### Information supplied ###

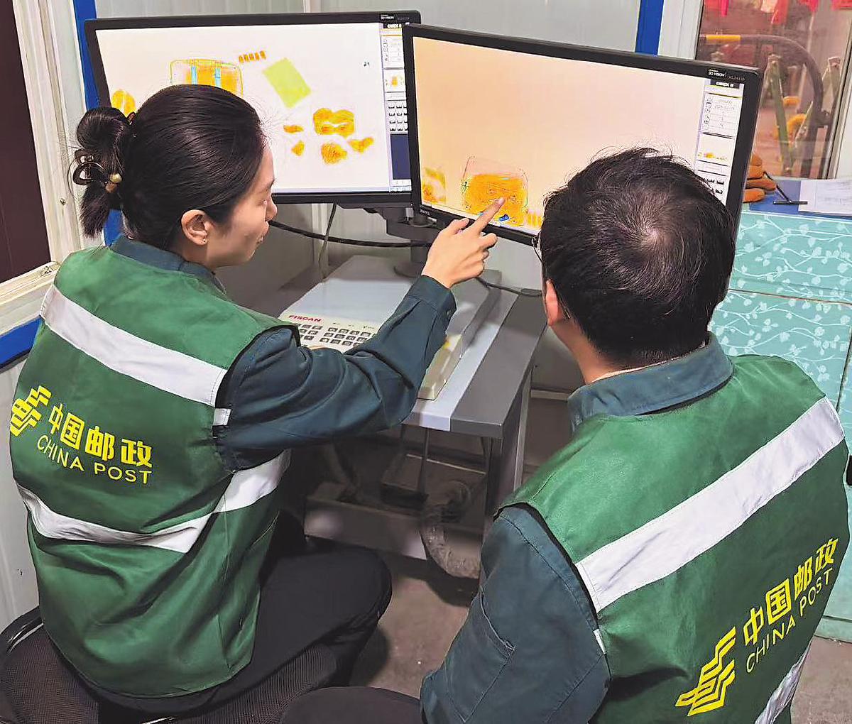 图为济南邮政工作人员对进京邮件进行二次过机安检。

###
### Information supplied ###

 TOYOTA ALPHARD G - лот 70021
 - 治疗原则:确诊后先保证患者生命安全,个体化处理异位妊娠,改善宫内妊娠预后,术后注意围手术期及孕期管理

###

## Work to be completed
When you reach the line holding "TOYOTA ALPHARD G - лот 70021" in the records above, begin reproducing exactly, stop after the line holding "- 治疗原则:确诊后先保证患", and output nothing else.

## Task result
 TOYOTA ALPHARD G - лот 70021
 - 治疗原则:确诊后先保证患者生命安全,个体化处理异位妊娠,改善宫内妊娠预后,术后注意围手术期及孕期管理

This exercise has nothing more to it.